I was running with `python convert-hf-to-gguf.py /media/user/6/snowflake_instruct/Snowflake_snowflake-arctic-instruct --out type f16

/media/user/6/snowflake_instruct/Snowflake_snowflake-arctic-instruct contains custom code which must be executed to correctly load the model. You can inspect the repository content at https://hf.co//media/user/6/snowflake_instruct/Snowflake_snowflake-arctic-instruct.
You can avoid this prompt in future by passing the argument `trust_remote_code=True`.

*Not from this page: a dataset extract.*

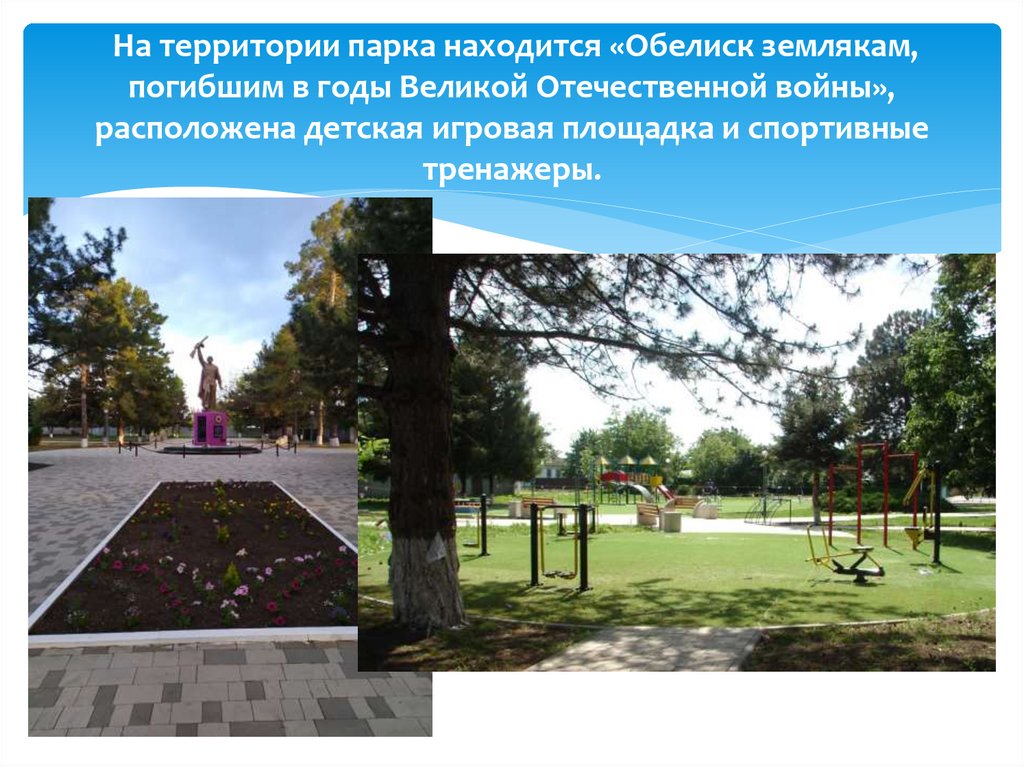 На территории парка находится «Обелиск землякам,погибшим в годы Великой Отечественной войны»,

Do you wish to run the custom code? [y/N] y
Traceback (most recent call last):
  File "/home/user/snowflake/llama.cpp/convert-hf-to-gguf.py", line 3114, in <module>
    main()
  File "/home/user/snowflake/llama.cpp/convert-hf-to-gguf.py", line 3101, in main
    model_instance.set_vocab()
  File "/home/user/snowflake/llama.cpp/convert-hf-to-gguf.py", line 1524, in set_vocab
    self._set_vocab_llama_hf()
  File "/home/user/snowflake/llama.cpp/convert-hf-to-gguf.py", line 462, in _set_vocab_llama_hf
    vocab = LlamaHfVocab(self.dir_model)
            ^^^^^^^^^^^^^^^^^^^^^^^^^^^^
  File "/home/user/snowflake/llama.cpp/convert.py", line 556, in __init__
    assert self.tokenizer.is_fast  # assume tokenizer.json is used
    ^^^^^^^^^^^^^^^^^^^^^^^^^^^^^
AssertionError

@BarfingLemurs I commited the assertion removal to my snowflake-arctic branch. Thanks for reporting the problem. I had this line removed locally (but not commited), so I didn't notice that it affected convert-hf-to-gguf.py as well.

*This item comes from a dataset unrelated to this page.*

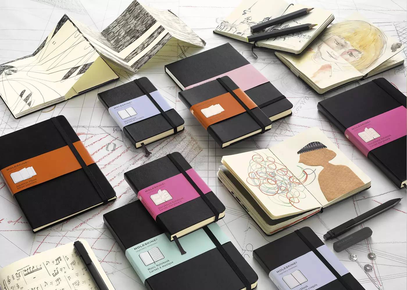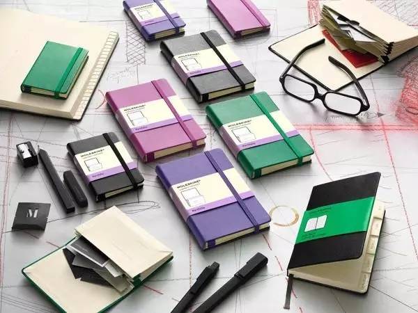 Moleskine是一种磨砂手感封皮的记事本,纸张采用淡黄色的无酸纸,本子最后有个内袋,里面可以放名片、贴纸等,有独特的皮筋绑绳,因其精致的做工设计,以及许多名人使用过的故事,吸引了一批忠实粉丝,在市场上大受欢迎。

fairydreaming commented 5 months ago

There was a change in the snowflake-arctic-instruct model a while ago. Grouped query attention (GQA) is now used with 8 KV heads instead of 56 KV heads. This reduces KV buffer size sevenfold, also inference is a bit faster:

before (Epyc 9374F, Q5_K_M):


llama_print_timings: prompt eval time =    2195.83 ms /    74 tokens (   29.67 ms per token,    33.70 tokens per second)
llama_print_timings:        eval time =   45399.64 ms /   582 runs   (   78.01 ms per token,    12.82 tokens per second)

now (Epyc 9374F, Q5_K_M):

llama_print_timings: prompt eval time =    1879.41 ms /    70 tokens (   26.85 ms per token,    37.25 tokens per second)
llama_print_timings:        eval time =   34948.30 ms /   527 runs   (   66.32 ms per token,    15.08 tokens per second)

I uploaded the updated model quants here: https://huggingface.co/sszymczyk/snowflake-arctic-instruct-gqa-GGUF

The updated model works just fine, no changes in the code were necessary.